Work order:
In the data below, begin at the line with "As of the 1st" and stop after the line with "Ну и одна из"; output those lines exactly and no pictures.

Source material:
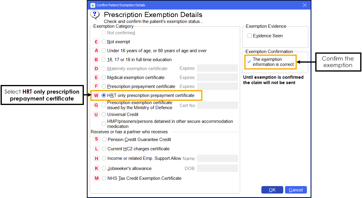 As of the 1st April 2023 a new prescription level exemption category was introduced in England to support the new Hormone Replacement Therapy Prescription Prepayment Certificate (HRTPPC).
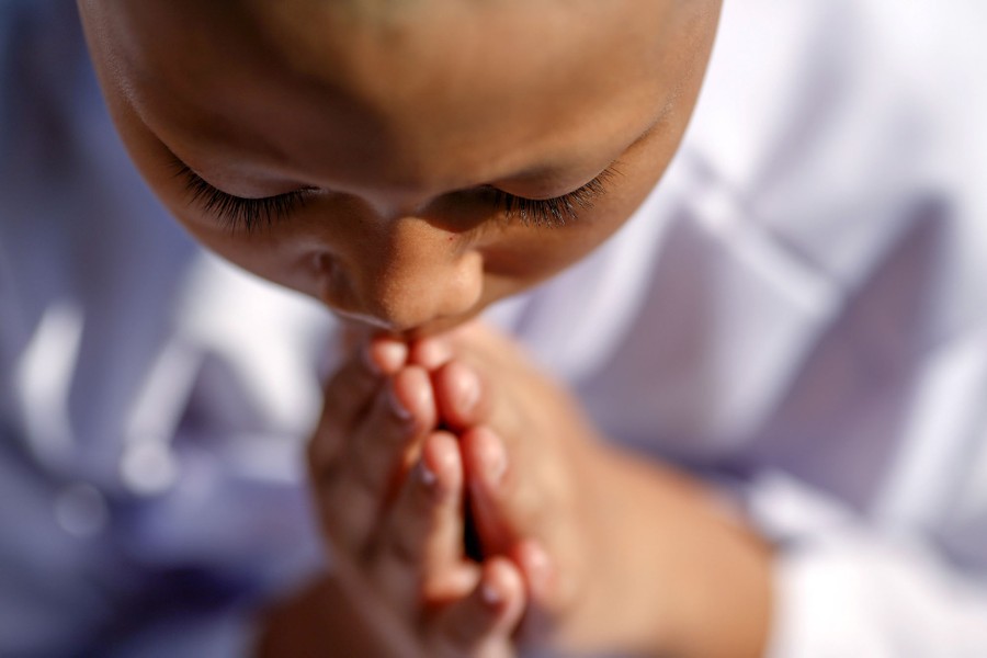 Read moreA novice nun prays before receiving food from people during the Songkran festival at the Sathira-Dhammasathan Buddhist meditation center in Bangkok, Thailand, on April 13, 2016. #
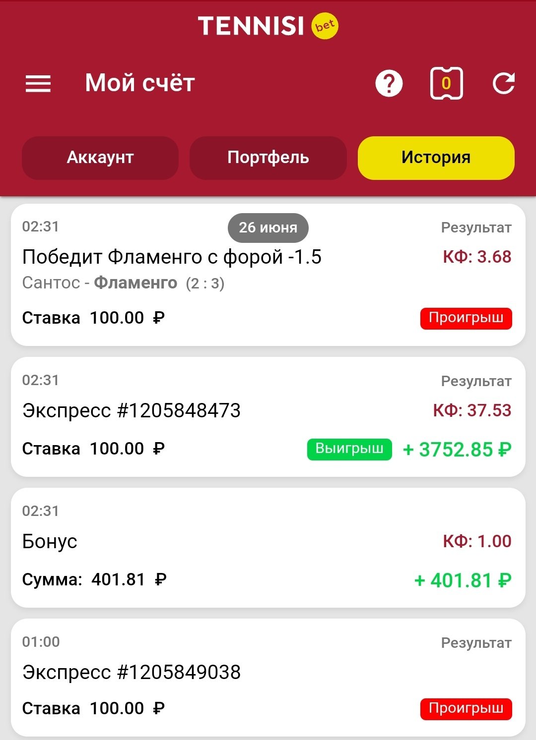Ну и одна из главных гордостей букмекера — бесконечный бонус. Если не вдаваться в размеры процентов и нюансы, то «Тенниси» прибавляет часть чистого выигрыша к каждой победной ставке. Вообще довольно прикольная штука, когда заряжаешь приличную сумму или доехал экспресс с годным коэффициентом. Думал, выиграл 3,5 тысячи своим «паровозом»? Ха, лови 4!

...

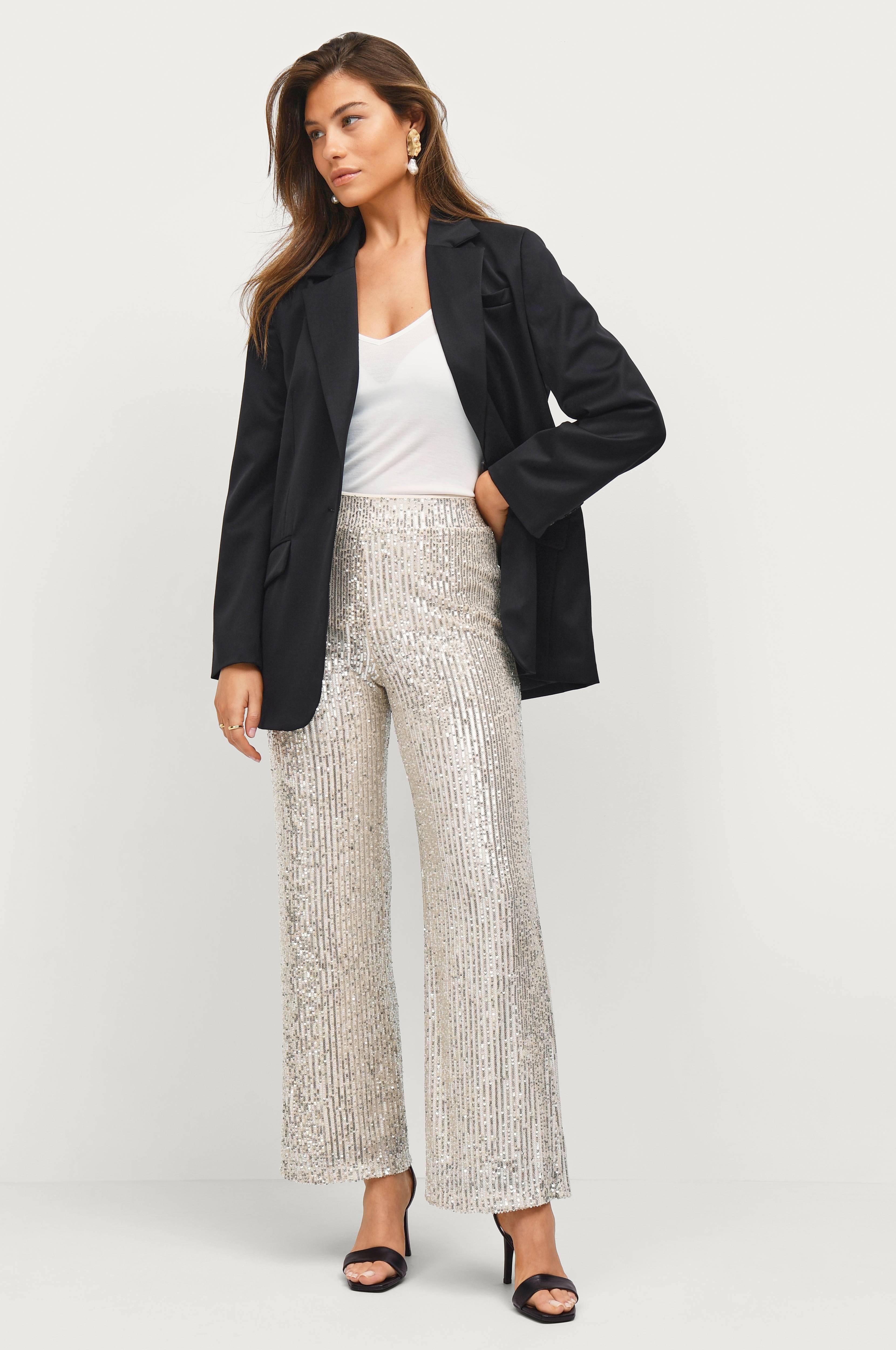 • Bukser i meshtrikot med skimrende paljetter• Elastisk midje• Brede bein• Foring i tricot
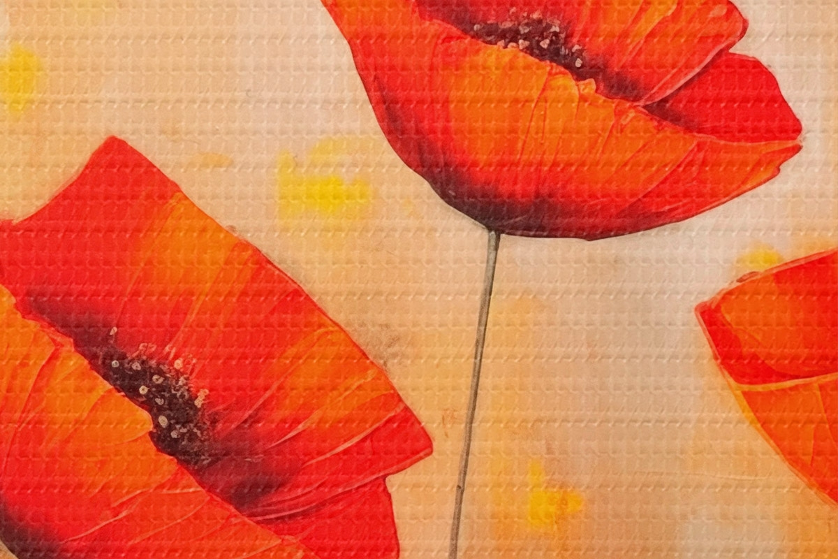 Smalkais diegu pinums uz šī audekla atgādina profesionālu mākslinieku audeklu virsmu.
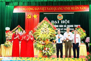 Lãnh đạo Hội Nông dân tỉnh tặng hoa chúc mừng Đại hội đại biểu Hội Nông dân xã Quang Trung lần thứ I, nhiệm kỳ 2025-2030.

Exercise solution:
 As of the 1st April 2023 a new prescription level exemption category was introduced in England to support the new Hormone Replacement Therapy Prescription Prepayment Certificate (HRTPPC).
 Read moreA novice nun prays before receiving food from people during the Songkran festival at the Sathira-Dhammasathan Buddhist meditation center in Bangkok, Thailand, on April 13, 2016. #
Ну и одна из главных гордостей букмекера — бесконечный бонус. Если не вдаваться в размеры процентов и нюансы, то «Тенниси» прибавляет часть чистого выигрыша к каждой победной ставке. Вообще довольно прикольная штука, когда заряжаешь приличную сумму или доехал экспресс с годным коэффициентом. Думал, выиграл 3,5 тысячи своим «паровозом»? Ха, лови 4!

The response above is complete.